Mgueni s’humecte les lèvres avant de glisser :
— D’après les « foukahas » (jurisconsultes) selon les informations en ma possession, les moyens englobent la capacité morale et physique, les frais nécessaires au voyage et à la restauration ainsi que ceux laissés à la famille pour subvenir à ses besoins le temps que dure tout le pèlerinage.
— En effet, je dispose des mêmes données. Là où ça ne tourne pas rond dans ma tête, c’est la capacité morale et physique, lança Yatim avec énervement.
— Du calme, mon ami ! C’est normal, il faut que l’être soit sain d’esprit et en bonne santé, capable de supporter le rituel du Hajj.
— Les Syriens et les Yéménites sont-ils tous des malades mentaux ?
— Mais enfin, Yatim ! Pourquoi tu dis cela ?
— Ne les empêche-t-on pas de pratiquer leur foi ? Au fait, Mgueni ! Qui est mandaté pour délivrer le certificat de capacité ?
— Cette année, même les Iraniens n’ont pas droit à ce regroupement musulman.
— A-t-on le droit et le pouvoir d’empêcher des musulmans de faire le pèlerinage ? Qui oserait un tel acte ? Ne s’agit-il pas de la Maison de Dieu et qui plus est la plus sacrée ? Je crois qu’il faut être mécréant ou appartenant au parti du Chaytane pour agir ainsi.
— Tu viens de mettre le doigt sur un grand problème. L’on ne se rend pas compte à priori, pourtant, c’est flagrant.
— Alors, lequel d’entre nous est drogué ?
— Ah ! Tu es terrible et imbattable, Yatim. Je ne suis pas le seul dans mon cas. Presque tous les musulmans sont conditionnés. Cependant, je reconnais ta pertinence, tu viens de soulever un problème existentiel vraiment épineux.
— Qui est plus injuste que celui qui empêche que soit mentionné le nom d’Allah dans les mosquées et qui les détruisent ?
— À t’entendre le formuler maintenant, tout devient évident., les Al Saoud détruisent les mosquées au Yémen et interdisent la Mosquée Sacrée aux Syriens et aux Yéménites. Cela leur colle très bien.
— Ce n’est pas moi qui le dis, Mgueni, mais je ne fais que paraphraser le saint Coran qui promet à ces tyrans un énorme châtiment.
— Oui, j’en sais un bout, moi aussi. Justement, il me vient à l’esprit un autre verset qui stipule que ceux qui mécroient et obstruent la voie d’Allah et celle de la Mosquée Sacrée que nous avons instituée pour les gens qu’ils soient résidents ou de passage et celui qui cherche à y commettre injustement un sacrilège, nous leur ferons goûter un châtiment douloureux…
— Pour rien au monde, je ne voudrais être à la place du serviteur des deux Lieux Saints. Au fait, du moment qu’on en parle, qui l’a proclamé et qui l’a investi d’une telle mission ?
— Le serviteur des deux Lieux Saints ?
— Oui ! A-t-il été élu au suffrage universel ? Les musulmans du monde entier ont-ils été convoqués à pareille investiture ? Ou bien s’est-il tout simplement autoproclamé ?

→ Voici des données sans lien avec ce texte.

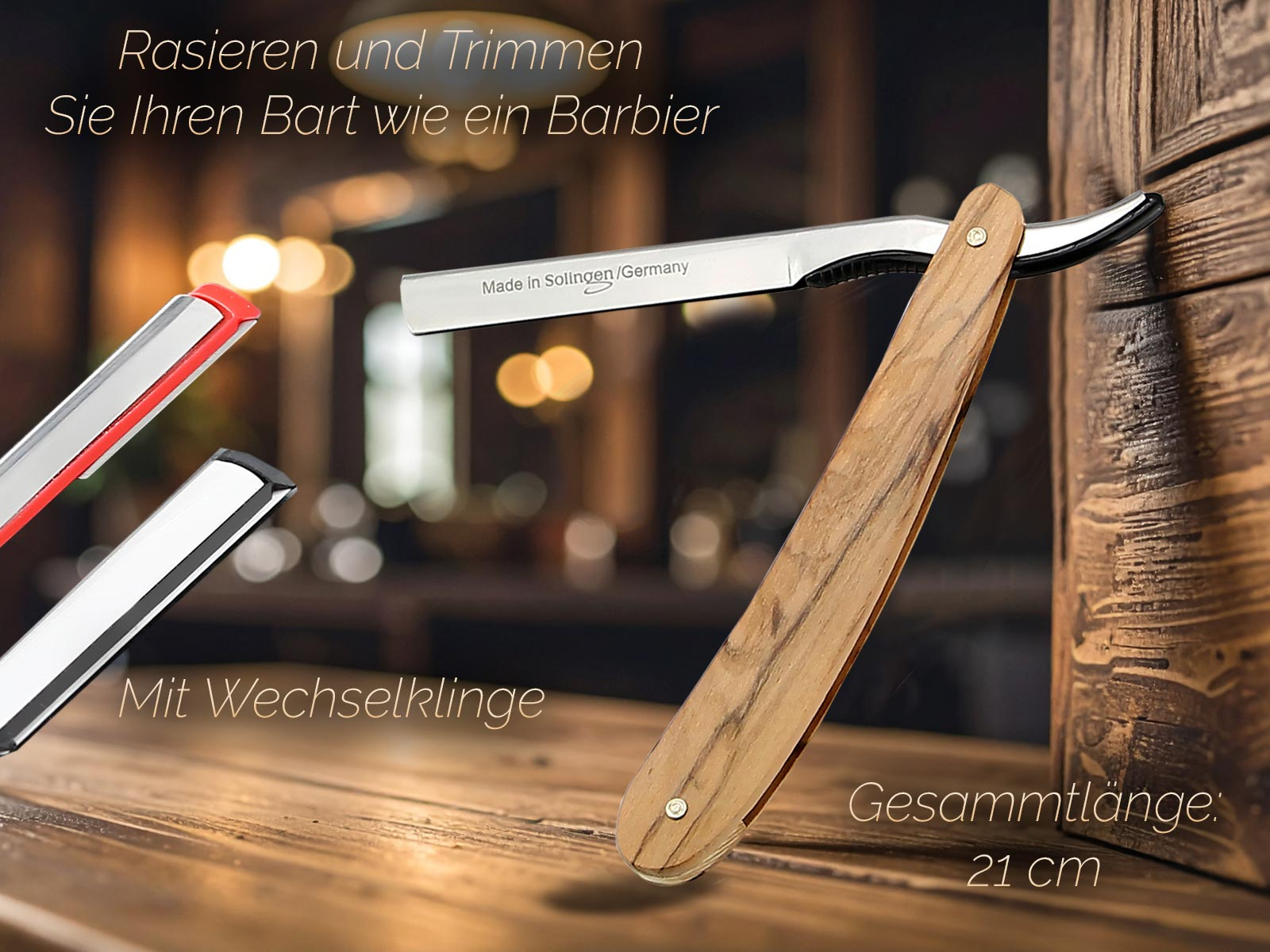 Rasiermesser mit Wechselklingen aus Solingen mit Kleiner und Großer Wechselklinge für die perfekte Nassrasur. Made in Germany. Das Schnurrbart Messer bietet Ihnen die Möglichkeit Ihren Bart perfekt zu pflegen, durch die zwei verscheiden Wechselklingen können Sie Ihren Vollbart rasieren, wie ein Profi. Die beiden Klingen haben eine Länge von ca. 6,5 cm und 3,5 cm. Im Rasier-Set erhalten Sie 2 verschiedene Klingenhalter, einmal einen Roten (Kleine Klinge) und einen schwarzen (Große Klinge) Der Olivenholz Griff (Heft) des Barbier Rasier Messers hat eine Länge von ca. 12 cm. Ergonomisch geformt und ein perfektes Handling.

— Oh, mon Dieu ! Mais, c’est vrai ce que tu dis ! À bien y réfléchir, tous les musulmans sont concernés. Oh, ya Rabbi ! Je ne peux y croire, c’est le plus grand vol de l’histoire, la plus grande supercherie !

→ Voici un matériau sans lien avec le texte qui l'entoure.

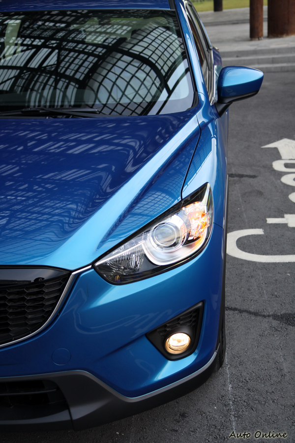 CX-5預定在台灣上市日期為10月11日,MAZDA Taiwan為了讓媒體可以槍先一步感受到CX-5的優質,在上市之前於宜蘭礁溪舉辦兩天一夜的試駕活動,兩天的行程中規劃路線讓媒體盡情體驗CX-5帶來的駕馭樂趣。第一眼看到CX-5會被他侵略性的車頭給震撼,有如獵豹眼睛般的大燈造型,加上大面積網狀的水箱護罩連為一體,車頭的神韻就像獵豹捕捉獵物的神情,車側的車身線條折線從前葉子板一路延伸到後尾門,明顯的折線就像獵豹上的肌肉,完全符合KODO的精神概念。

— Si je comprends bien, tu corrobores mes impressions et mes assertions. Finalement et tout compte fait, aucune entité ne l’a chargé d’exercer un tel mandat.

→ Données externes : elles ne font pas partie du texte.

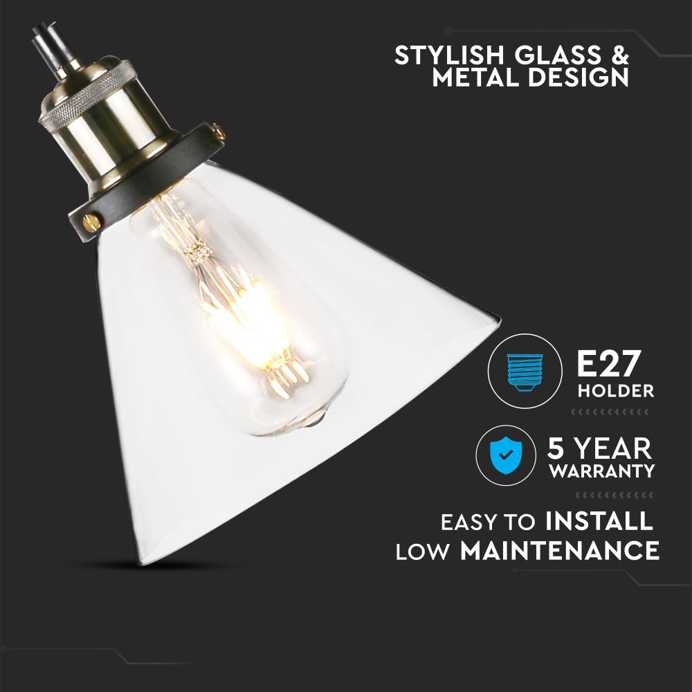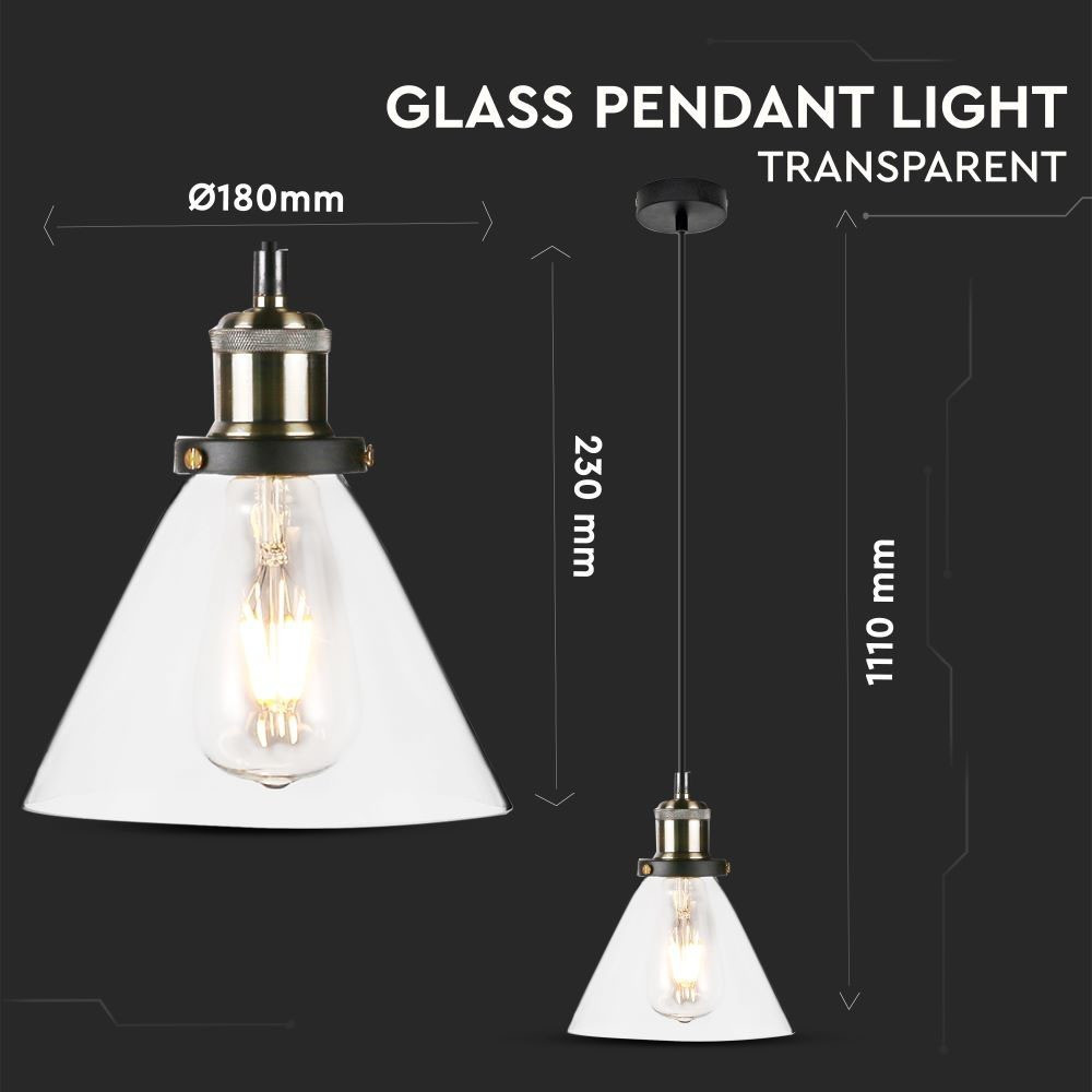 Függeszték, üvegfém, E27, átlátszó, V-TAC, 3738

— D’accord, mais il y a un énorme problème qui surgit là. La protection des Lieux Saints et leur défense sont un impératif, tu en conviens !
— Tu me renvoies à l’époque d’Abraha l’Abyssin et son histoire avec Abd Al Mouttalib, le grand-père du prophète Mohamed que le salut soit sur lui. Les Syriens et les Yéménites représentent-ils un danger quelconque pour la Mecque et Médine ?
— Tiens, le temps passe vite ! Il est presque midi, je dois m’en aller, cher ami. Nous reprendrons cette discussion, le sujet est non seulement important, mais édifiant aussi.
— Zut ! Je dois ramener du pain à la maison, les enfants rentrent de l’école. Allez, prends soin de toi et à la prochaine.